As I reported in September, Gothard who founded IBLP in 1961, built a ministry with facilities in seven states and tens of millions of dollars in real estate assets. The lawsuit alleges that the organization, from which Gothard resigned in 2014, is in the process of liquidating assets in an effort to evade paying out any judgment in the lawsuit. Although Gothard denies the allegations in the complaint, he provided an affidavit to the plaintiffs’ lawyers in which he stated his opposition to the liquidation of IBLP assets and to a planned move of the headquarters from Illinois (where the lawsuit was filed) to Texas. He also states his willingness to meet with the alleged victims—something the board has refused to do, said Gibbs, adding that for the plaintiffs, “not to be given the dignity to even be heard is very, very painful.”
The lawsuit also charges that in February 2014 IBLP hired the Christian Law Association, which is headed by Gibbs III’s father, David Gibbs, Jr., a longtime IBLP follower, to conduct an internal investigation of the sexual harassment charges. No report was ever made available to the alleged victims, and the board refused their requests for meetings, said Gibbs III. Gothard resigned from IBLP in March 2014.
The Christian Law Association did not respond to a request for comment.
In a statement on its website, IBLP noted that Gothard is “no longer associated with the Institute.” IBLP said it takes the allegations “very seriously,” adding, “we therefore welcome the structure and integrity of the court process as a means for determining the truth with respect to these allegations.”
Although not widely known outside fundamentalist circles, IBLP and its homeschooling arm, the Advanced Training Institute, were long held in high regard by evangelical families seeking “biblical” educational alternatives and “Christian” guidance on childrearing.
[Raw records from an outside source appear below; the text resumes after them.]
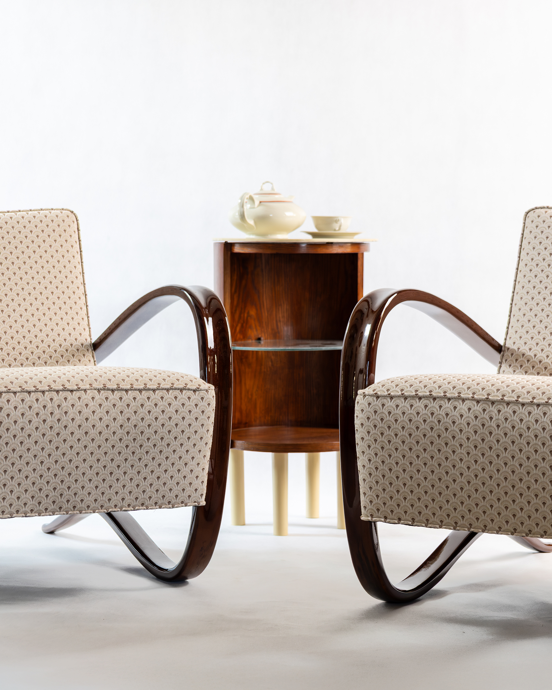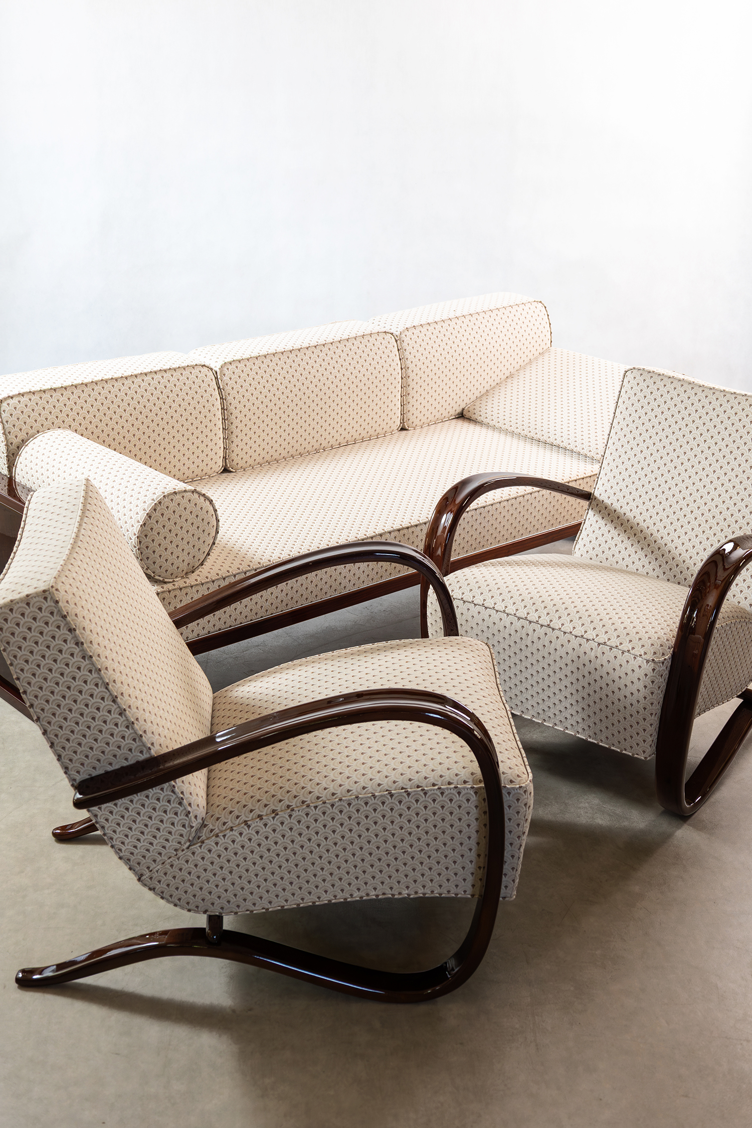 Materiál-dřevěný korpus, bukové područky, nové čalounění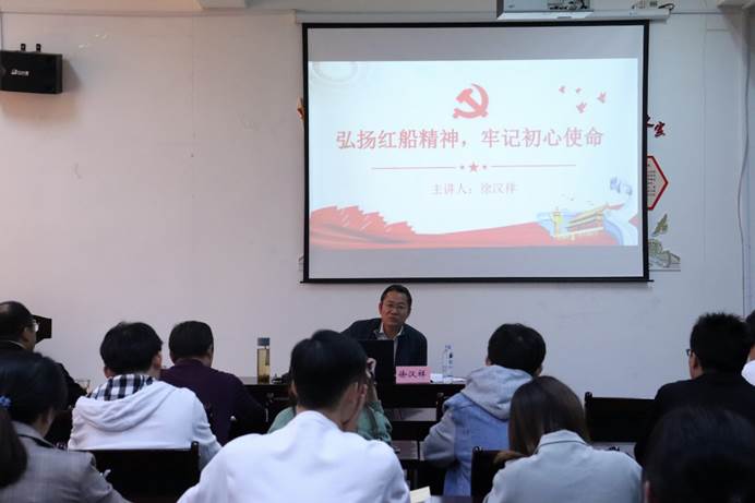 在党课讲授的过程中,徐汉祥副校长主要围绕“红船精神的理论定位和深刻内涵”与“传承红船精神、牢记初心使命”两个方面进行讲述。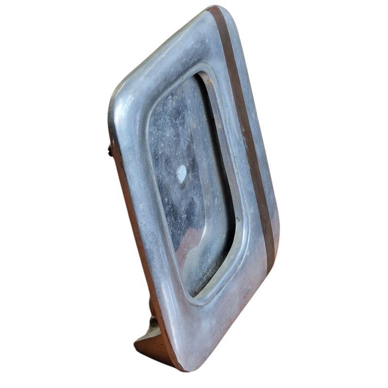 Elegante moldura retangular em metal prateado com acabamento polido, destacando-se pela aplicação de uma faixa vertical em cobre numa das extremidades, conferindo-lhe um toque de sofisticação minimalista. Esta peça apresenta uma estética industrial refinada, com linhas curvas suaves e cantos arredondados, típica do design funcionalista de meados do século XX. O verso revela a marca Ornato, reconhecida pelo fabrico de peças decorativas em metal de alta qualidade. A moldura está preparada para receber uma fotografia vertical e pode ser utilizada como elemento decorativo em ambientes contemporâneos, modernos ou industriais.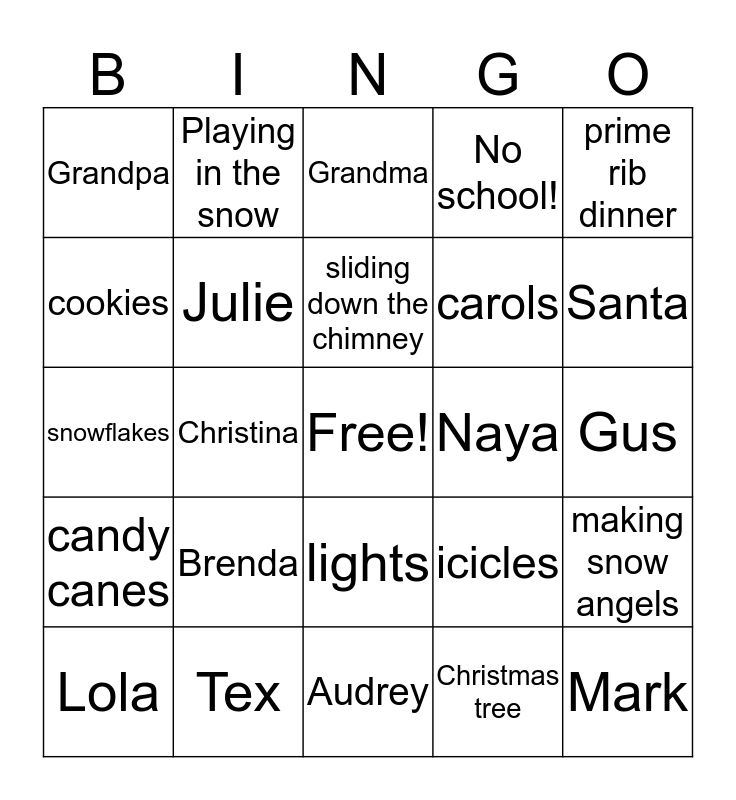 This bingo card has a free space and 29 words: Lola, Samuel, Christina, Todd, Grandpa, Grandma, Julie, Brenda, Naya, Tex, Gus, Mark, Audrey, Christmas tree, Santa, reindeer, lights, candy canes, prime rib dinner, snowflakes, icicles, presents, carols, cookies, No school!, Playing in the snow, making snow angels, sliding down the chimney and reading stories.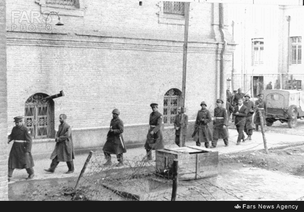 نواب صفوی و فدائیان اسلام در محوطه زندان عشرتآباد در حال عزیمت به دادگاه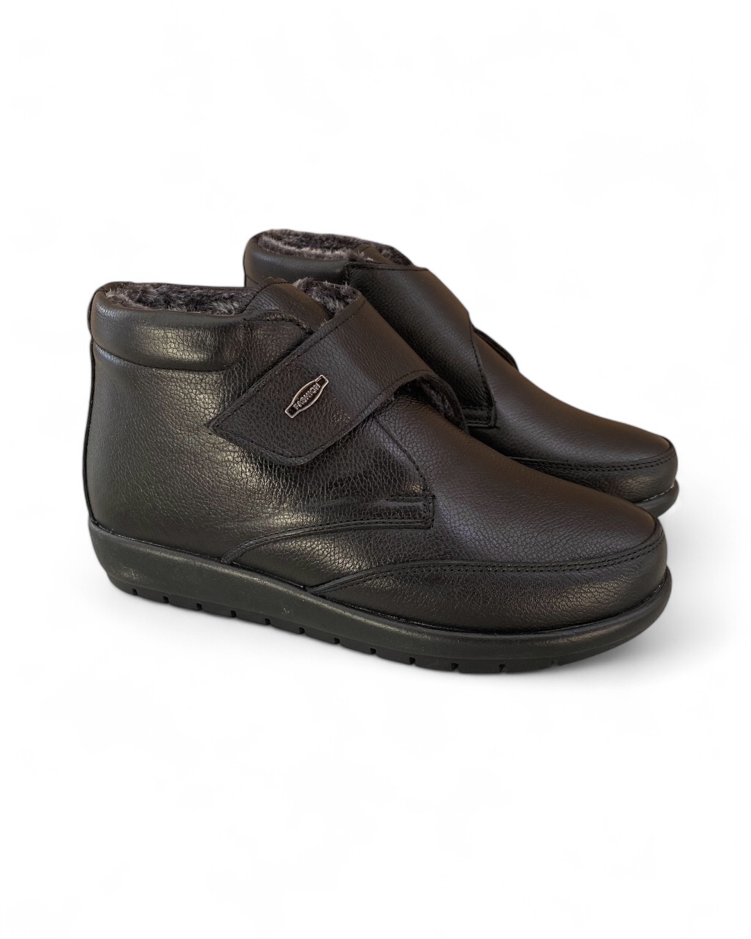 Ανατομικά μποτάκια από γνήσιο δέρμα και επένδυση γούνα. Αυτοκόλλητο κούμπωμα για εύκολη εφαρμογή και χρήση. Διαθέτουν αντιολισθητική σόλα από λάστιχο που προσφέρει σταθερότητα και μαλακό πάτημα.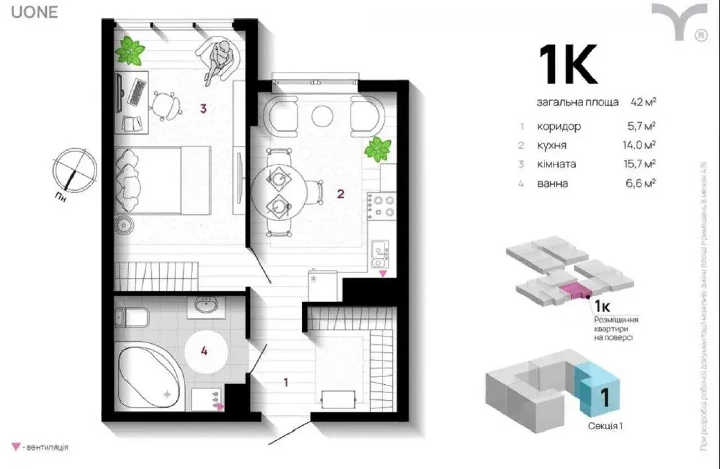 Планування: окрема кімната з панорамними вікнами, простора кухня 14м2, санвузол, окрема гардеробна.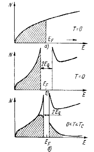 ис.5.2.3 Плотность состояний свободных электронов (а) и неспаренных электронов в сверхпроводящем состоянии (б,в)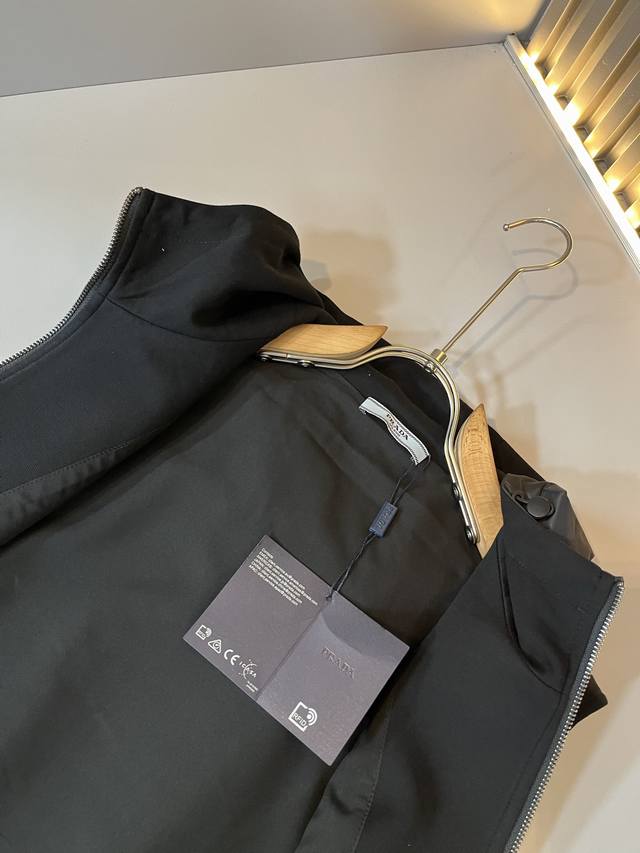 prad*A's 2025 Fall/Winter casual vest jacket features the latest in stylish casual zipper jackets. This jacket is crafted from p's professionally customized pure cotton fabric, boasting a smooth, lustrous finish that's visible even through the screen. It's comfortable and lightweight, offering the ultimate in comfort! The exquisite logo accents on the chest enhance the overall luxurious feel, creating a high-end, instantly recognisable luxury. Sizes: M-3Xl
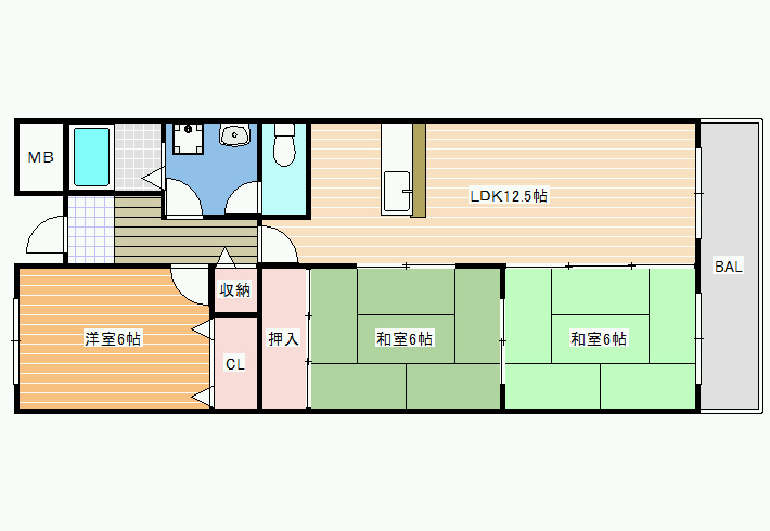広々12帖のLDKと6帖のお部屋が3つのファミリータイプ物件です。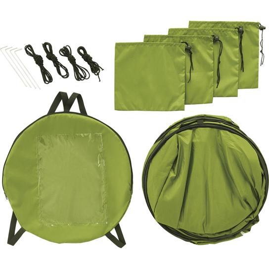 薄型で収納しやすく、設営は簡単。内側はアルミ素材で透けにくく、ファスナー付きで使いやすい仕様。高さがあるため窮屈感なく利用できます。収納も簡単で、収納袋に収まります。砂袋とピックも付属し、風対策も可能です。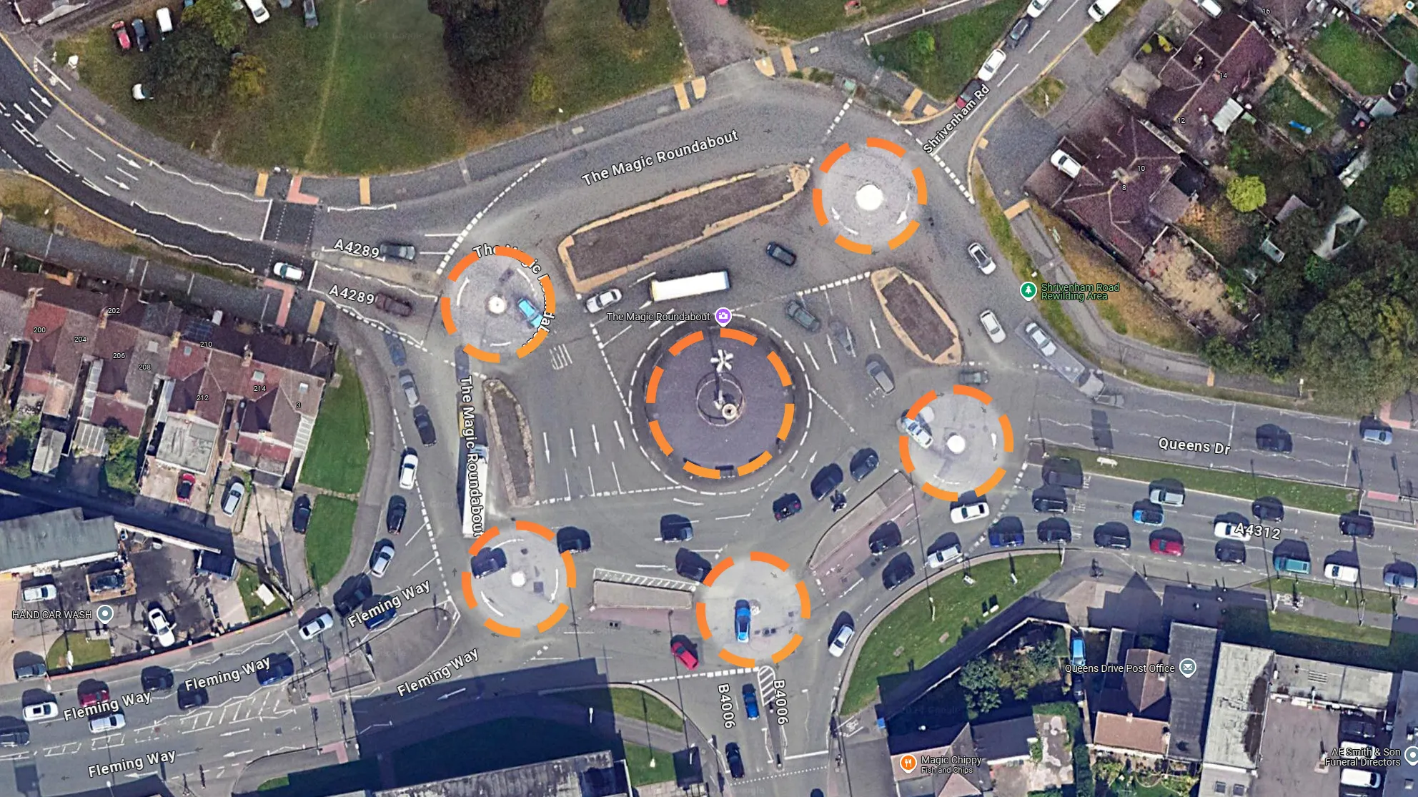 well the first problem is they are all driving on the wrong side of the road, but the markings on the road dont help. the centre makings should follow the roundabout which makes it easier for drivers. -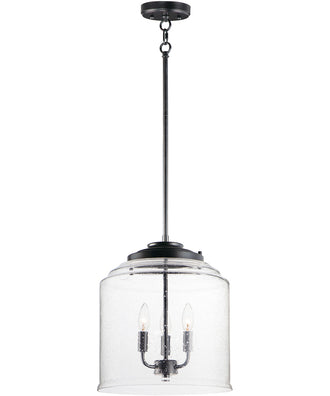 The 14"W Acadia 3-Light Pendant in Black is a masterful blend of simplicity and elegance, designed to enhance any living space with its sophisticated charm. The clean and simple frame features gracefully bending arms that support the Clear Seedy glass shade, creating a timeless look that complements both traditional and transitional decor styles. The black finish adds a touch of classic sophistication, making it a versatile piece that can seamlessly integrate into various room themes.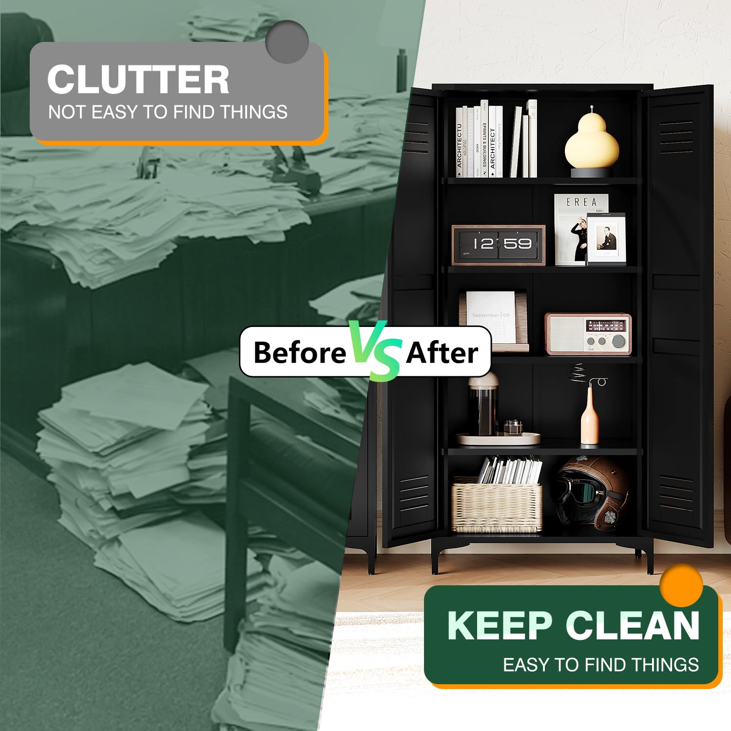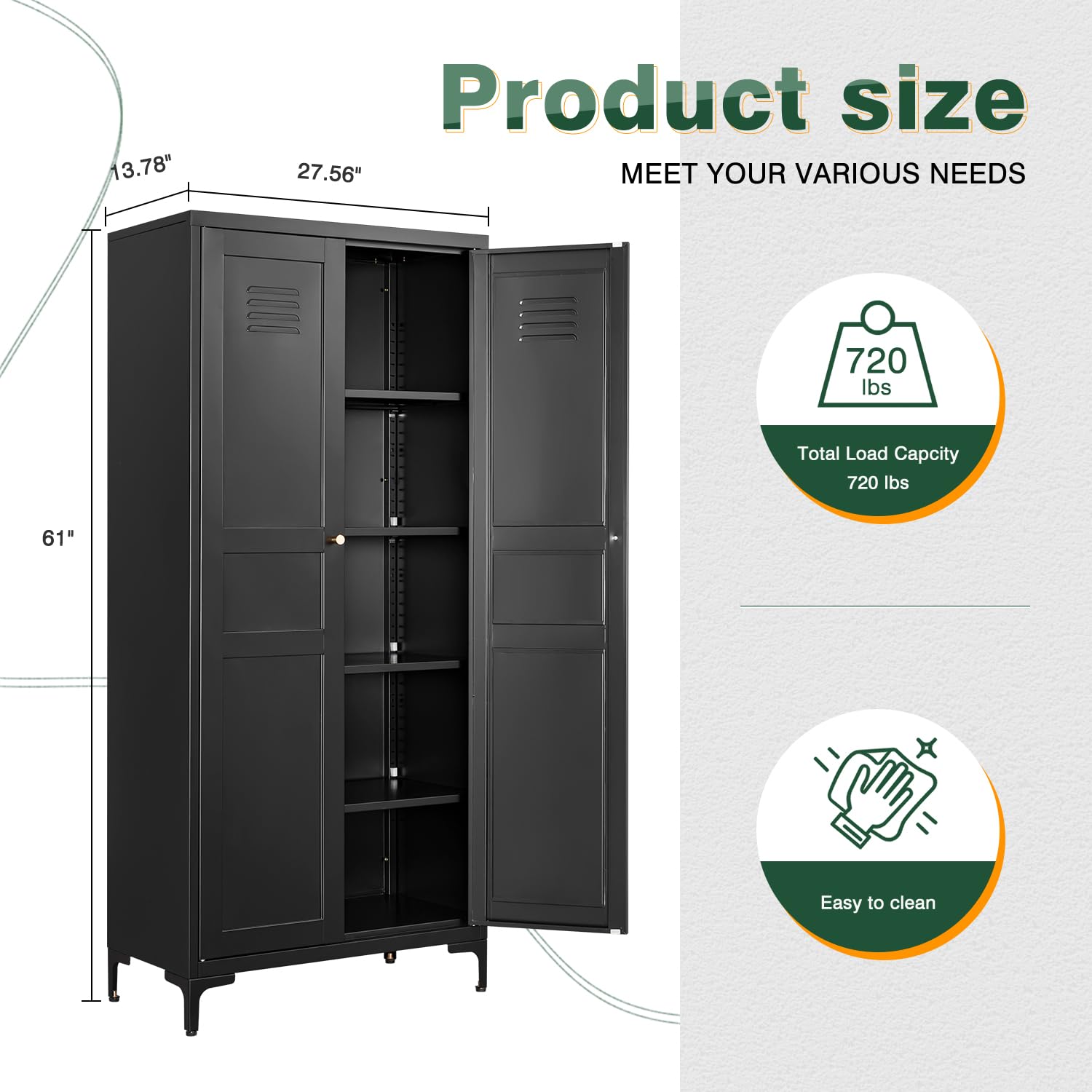 - Practical Design:Each door has 2 magnetic devices to ensure that the door is tightly closed;Two reserved holes on the back panel can be fixed on the wall; Metal cabinet with 4 adjustable shelves,5-floor storage space suitable for a variety of storage applications,improve space utilization by 80% compared to three-layer cabinets

In their TLC reality show, the Duggars were shown using IBLP homeschooling materials, including its “Wisdom Booklets,” and attending ATI conferences.
Although the whistleblower site Recovering Grace began publishing first-hand accounts of Gothard’s history of sexual harassment in 2012, TLC continued to air the Duggars’ reality show until 2015. It only canceled the show after tabloid revelations that Josh Duggar, who had risen to become the executive director of a leading religious right advocacy group, Family Research Council Action, had sexually abused his younger sisters as a teenager. Duggar, a married father of four, later also admitted to cheating on his wife and using the site Ashley Madison.
TLC later produced a special about two of the Duggar sisters, “Jill and Jessa: Counting On,” which aired late last year.
Gibbs III has asked the court to appoint a receiver or use another mechanism to ensure that IBLP’s assets are available for any possible judgment in the case. “One of the questions that needs to be asked in light of these allegations,” he said, is “what is IBLP at this point? What is their educational or religious purpose, what are they intending to do with these public charity dollars?”